In rendering the opinion expressed above, we have further assumed that (i) the Registration Statement and any amendments thereto (including additional post-effective amendments) will have become effective and comply with all applicable laws; (ii) the Registration Statement will be effective and will comply with all applicable laws at the time the Guarantees are offered or issued as contemplated by the Registration Statement; (iii) the terms of the Debt Securities will conform in all material respects to the description thereof in the Prospectus which is part of the Registration Statement (the “Prospectus”); (iv) the Company will authorize the issuance of the Debt Securities and will authorize, execute and deliver the applicable Indenture and any other document contemplated thereby or by the Registration Statement and will take any other appropriate additional corporate action to effect such issuance; (v) the terms of all Guarantees will conform in all material respects to the description thereof in the Prospectus; and (vi) the Guarantor will authorize the issuance of the Guarantees and will authorize, execute and deliver the applicable Guarantee Agreement and any other document contemplated thereby or by the Registration Statement and will take any other appropriate additional corporate action to effect such issuance.

 

We express no opinion as to matters governed by laws of any jurisdiction other than the laws of the State of New York, the General Corporation Law of the State of Delaware and the federal laws of the United States of America, as in effect on the date hereof.

 

We hereby consent to the use of our name under the heading “Legal Matters” in the Registration Statement to be filed by the Company and the Guarantor with the Commission.
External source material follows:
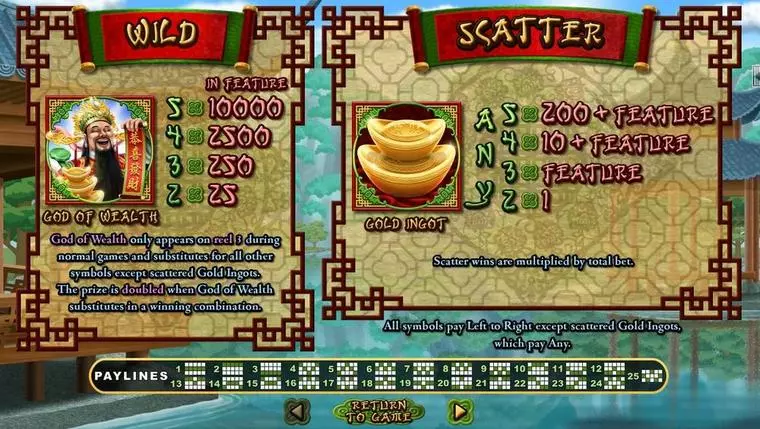God of Wealth is a 5 Reel / 25 Line mobile slot game, made by RTG in in January 2016

We further consent to your filing a copy of this opinion as Exhibit 5.2 to the Registration Statement. In giving such permission, we do not admit hereby that we come within the category of persons whose consent is required under Section 7 of the Securities Act, or the rules and regulations of the Commission thereunder. We disclaim any undertaking to advise you of any subsequent changes of the facts stated or assumed herein or any subsequent changes in applicable law.